Background and Issues for Congress

Raphael Perl, Specialist in International Affairs 
Ronald O’Rourke, Specialist in National Defense 
Foreign Affairs, Defense, and Trade Division

CRS Report for Congress 
Received through the CRS Web 
Order Code RS20721 
Updated January 30, 2001

Summary On October 12, 2000, the U.S. Navy destroyer Cole was attacked by a small boat laden with explosives during a brief refueling stop in the harbor of Aden, Yemen. The suicide terrorist attack killed 17 members of the ship’s crew, wounded 39 others, and seriously damaged the ship. Evidence developed to date suggests that it may have been carried out by Islamic militants with possible connections to the terrorist network led by Usama bin Ladin.

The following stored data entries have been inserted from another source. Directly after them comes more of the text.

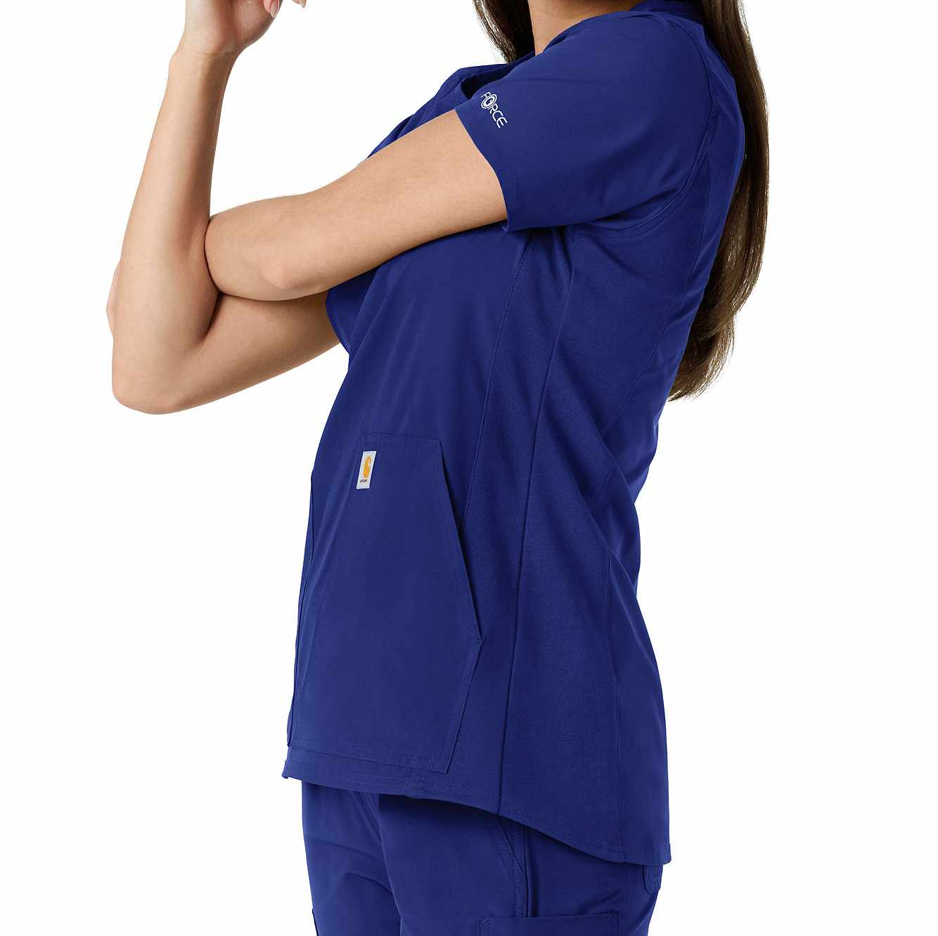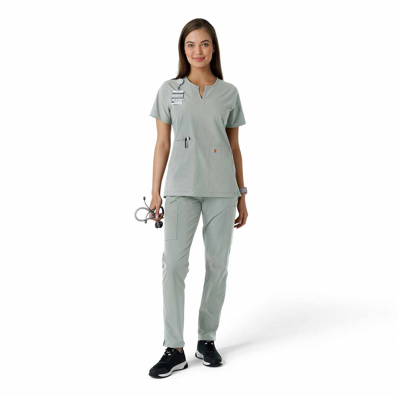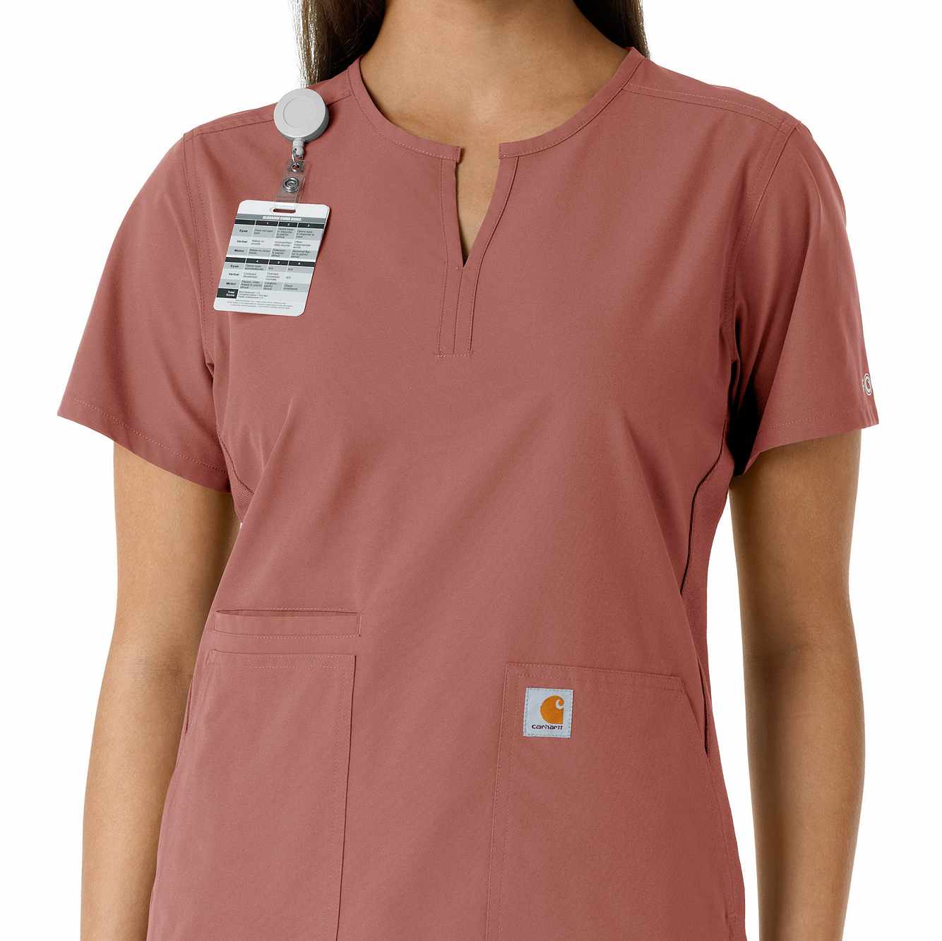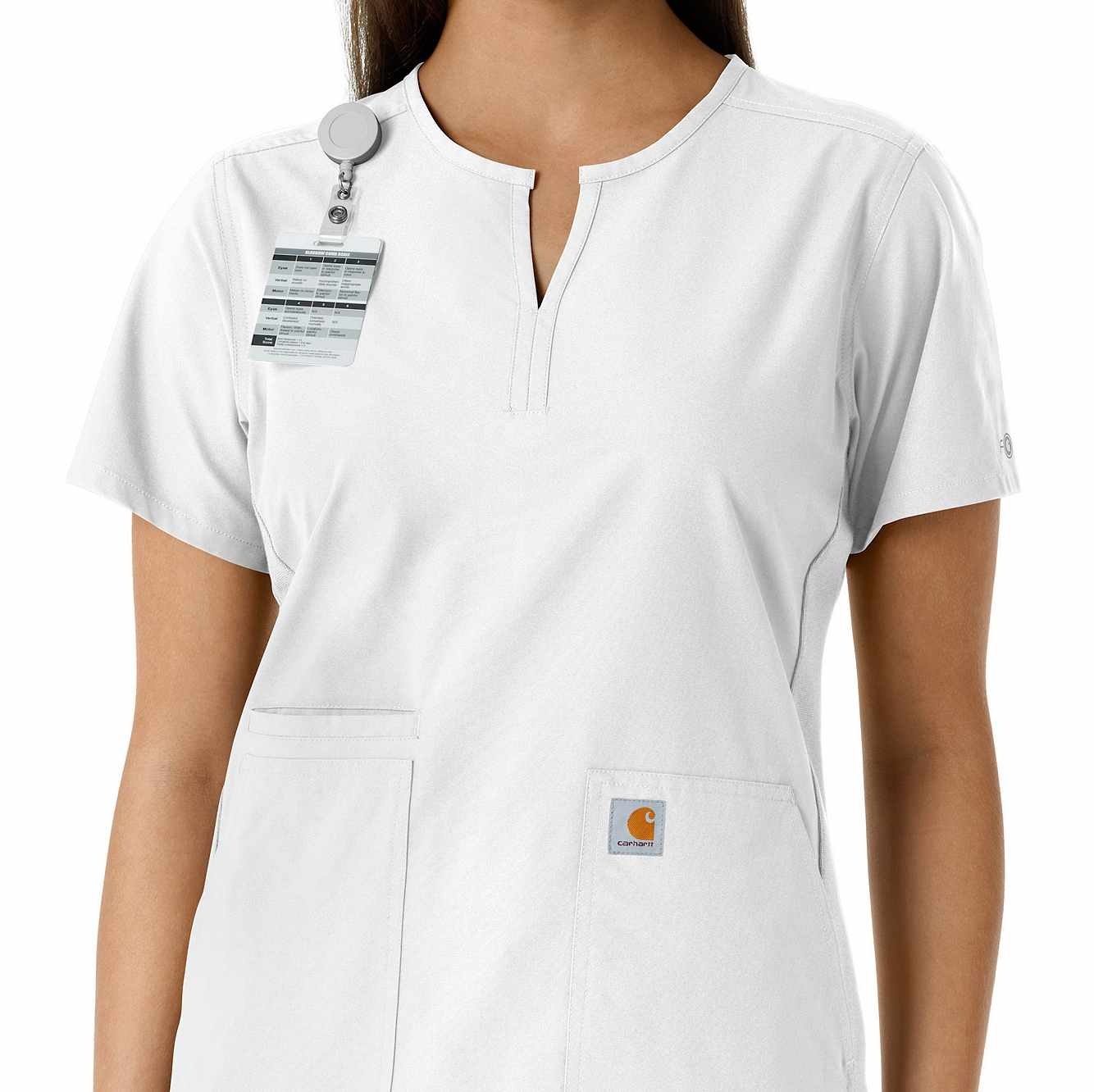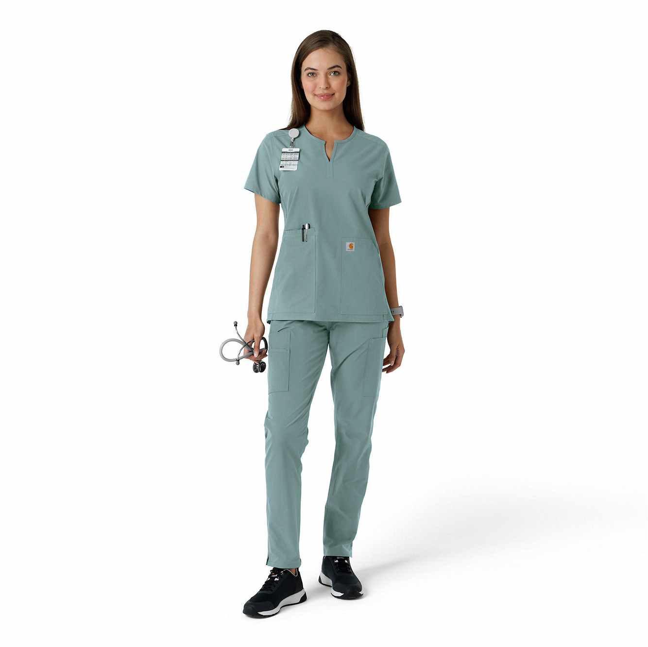 Designed for busy shifts, this Carhartt scrub top offers a polished look with unbeatable comfort. Made from a durable, lightweight polyester blend, it features Rugged Flex® stretch and knit side panels for easy movement, plus FastDry® and Stain Breaker® technologies to keep you cool and clean. Large pockets, a hidden phone pocket, and a badge ID loop make it practical, while princess seams and a curved hem add a professional finish. Perfect for those who need both style and performance on the job.
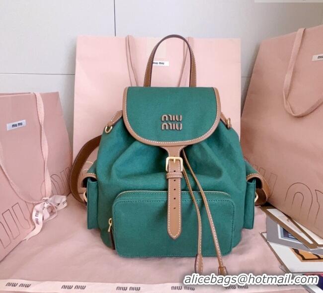 Fashion Discount Miu Miu Canvas and leather backpack bag 5BZ042 Billiard Green 2025
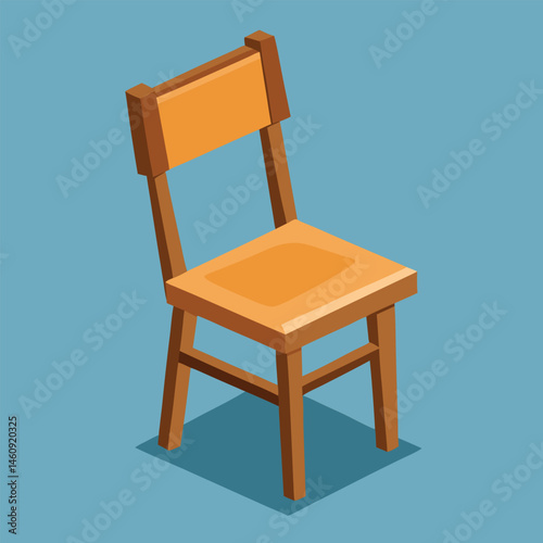 Isometric wooden furniture set featuring chairs, tables, and stool
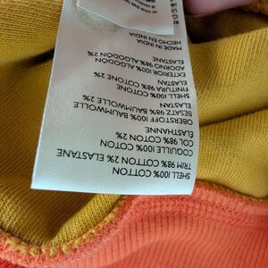Stylish colorblock sweatshirt featuring vibrant orange and yellow hues. Perfect for casual wear.
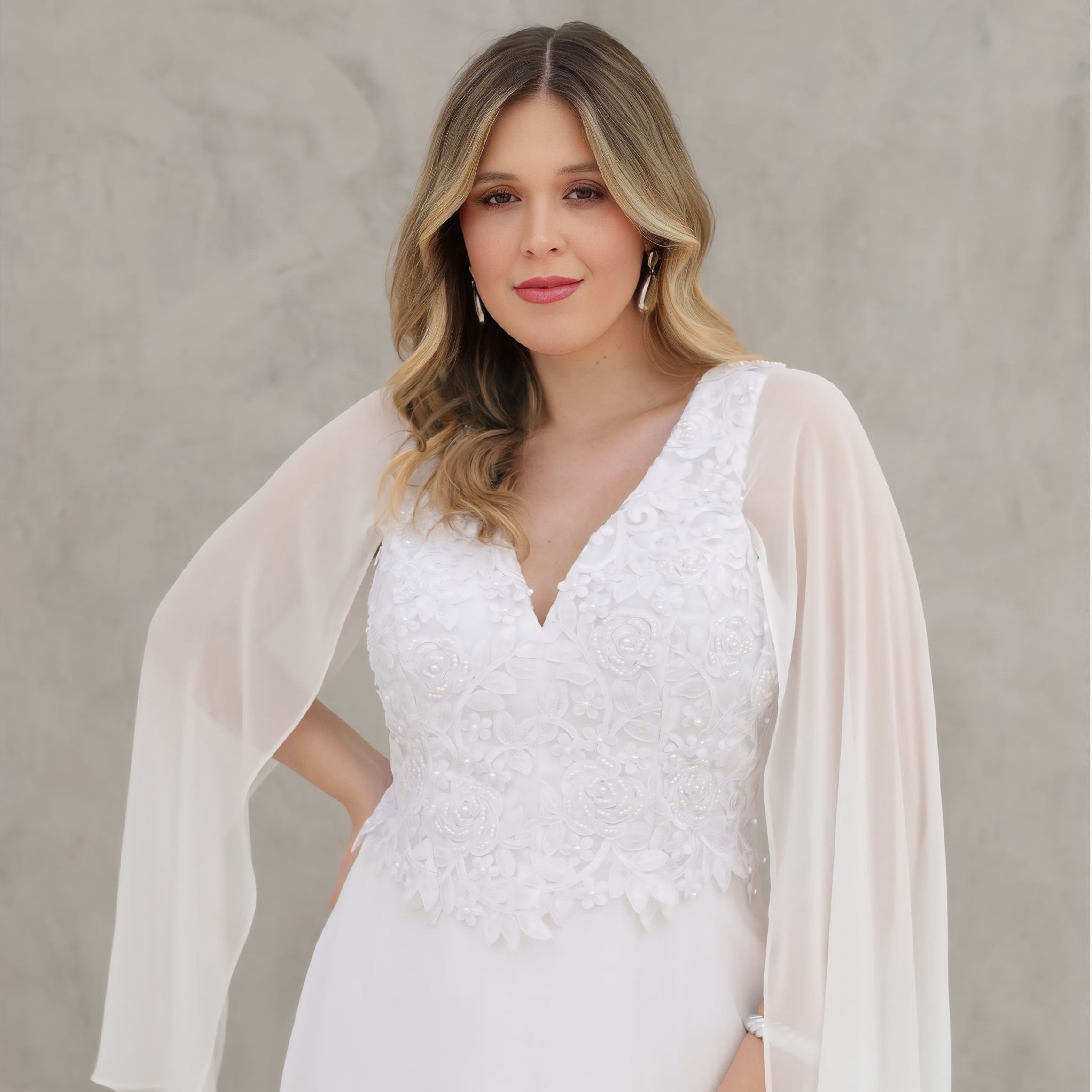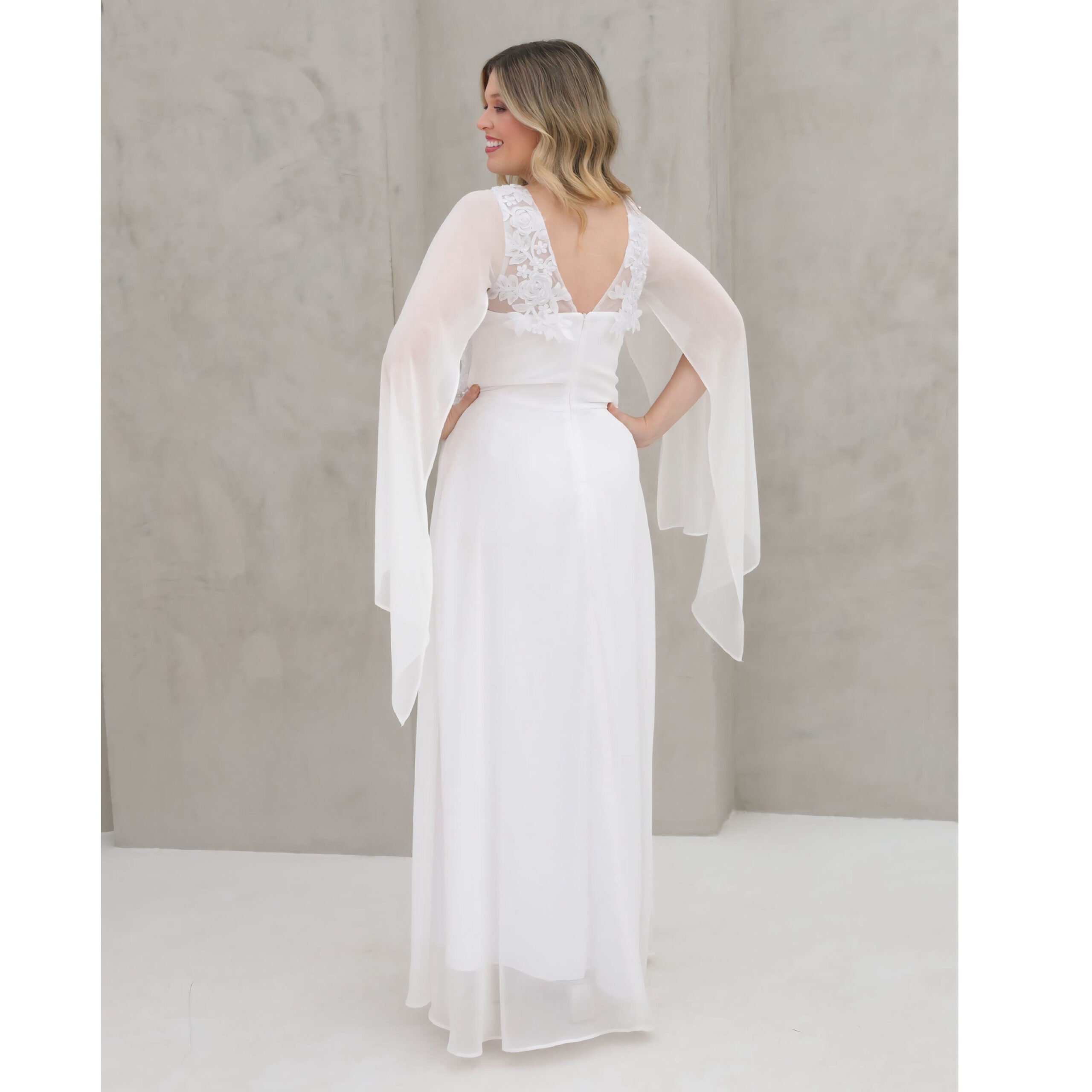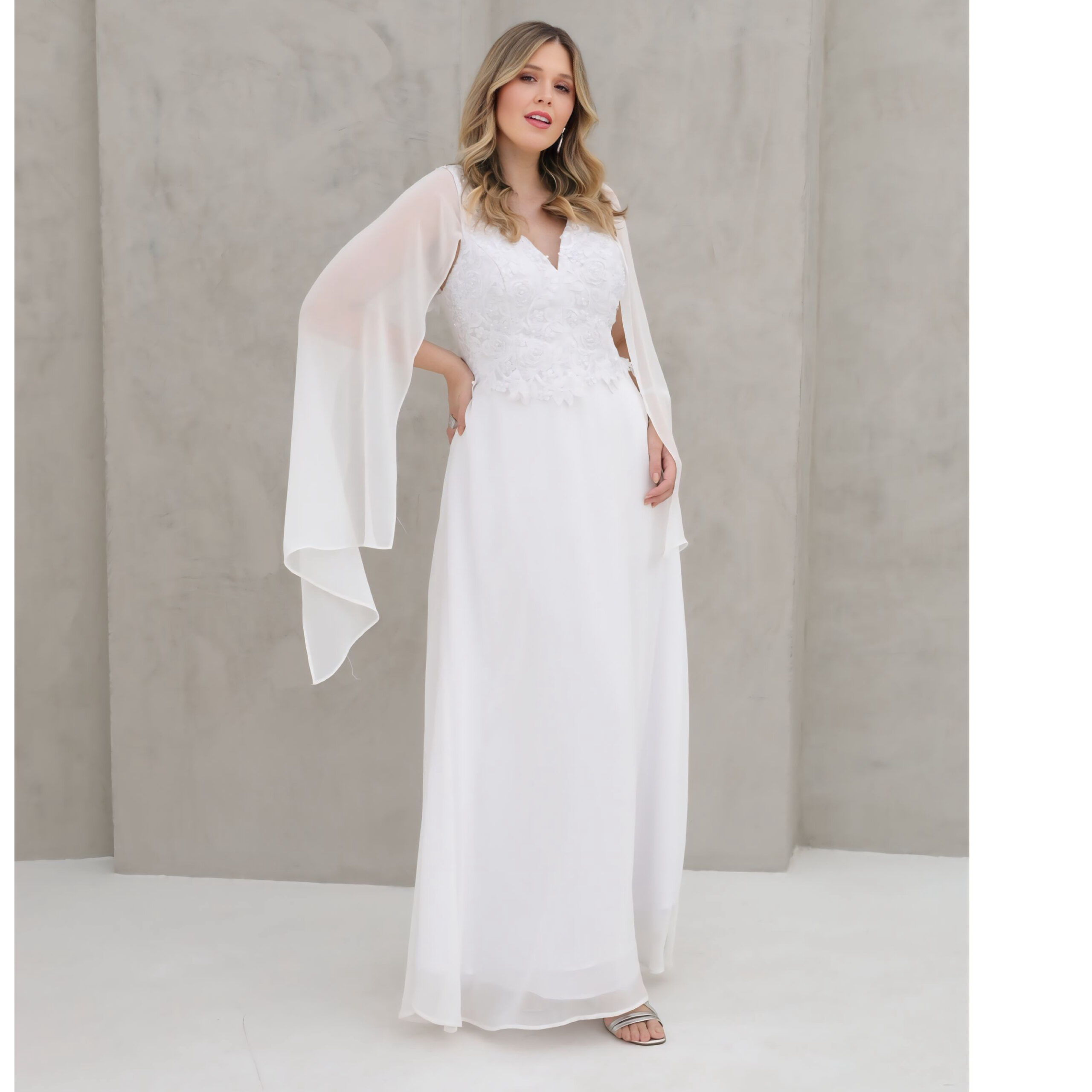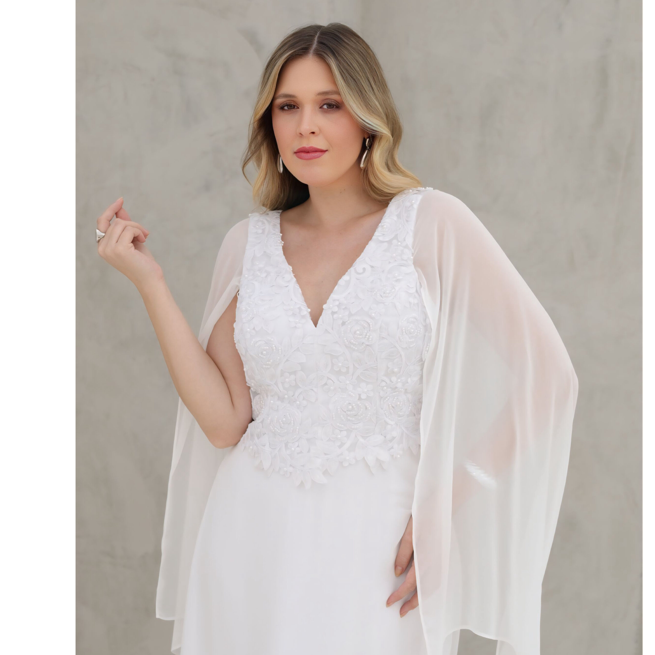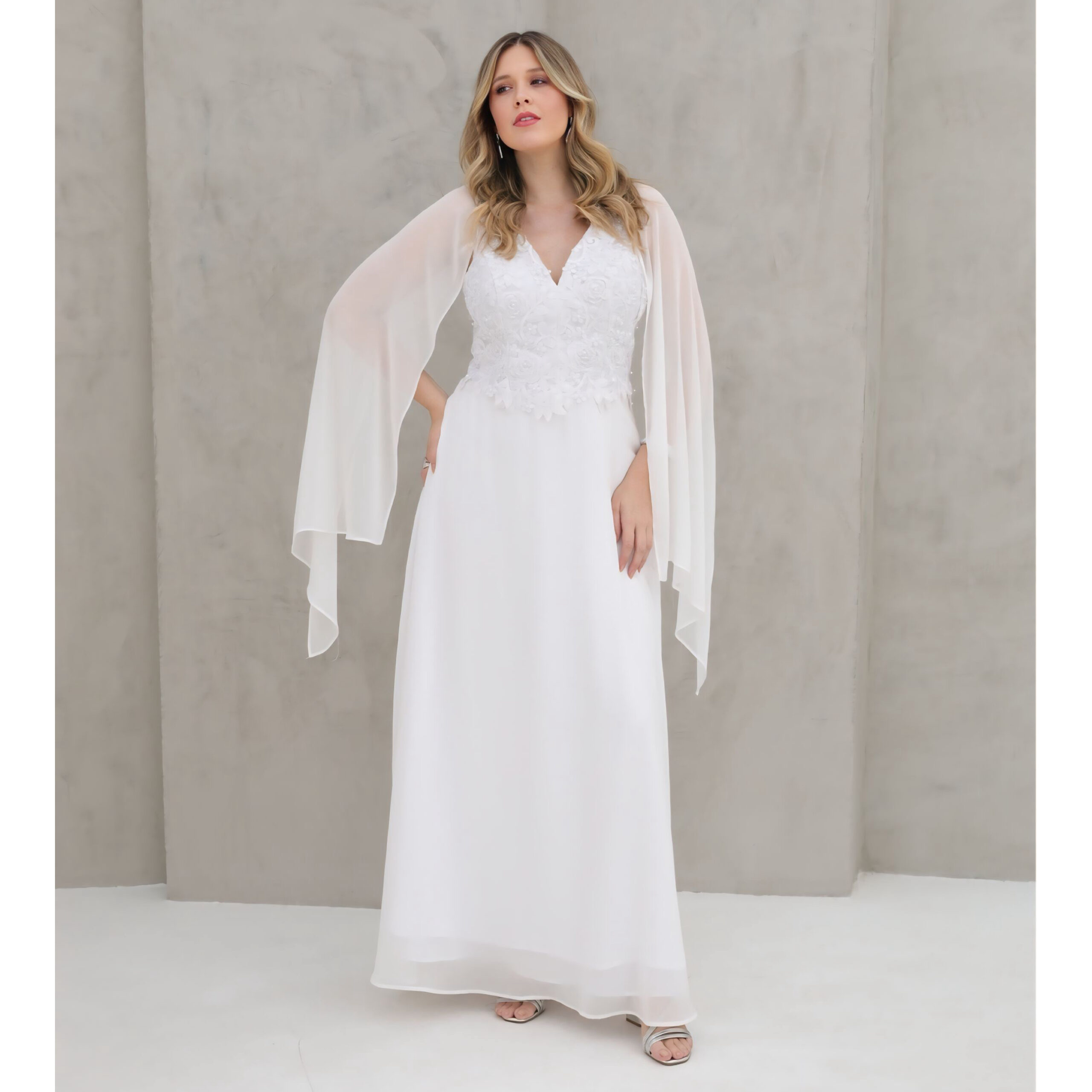 Vestido Regina Noiva Chiffon Busto Bordado Perola, Capa e Saia Rodada – Branco

The FBI, Defense Department, and Navy launched investigations to determine culpability for the attack and to review procedures. A broad DoD review of accountability was conducted by a special panel. On January 9, 2001, the panel issued its report which avoided assigning blame but found significant shortcomings in security against terrorist attacks, including inadequate training and intelligence. On January 23, 2001, Senate Armed Services Committee Chairman, John Warner, announced intentions for the Committee to hold its own investigation. Issues for Congress include the adequacy of (1) procedures by U.S. forces to protect against terrorist attacks; (2) intelligence related to potential terrorist attacks; and (3) U.S. anti-terrorism policy and response. This report will be updated if major new developments warrant.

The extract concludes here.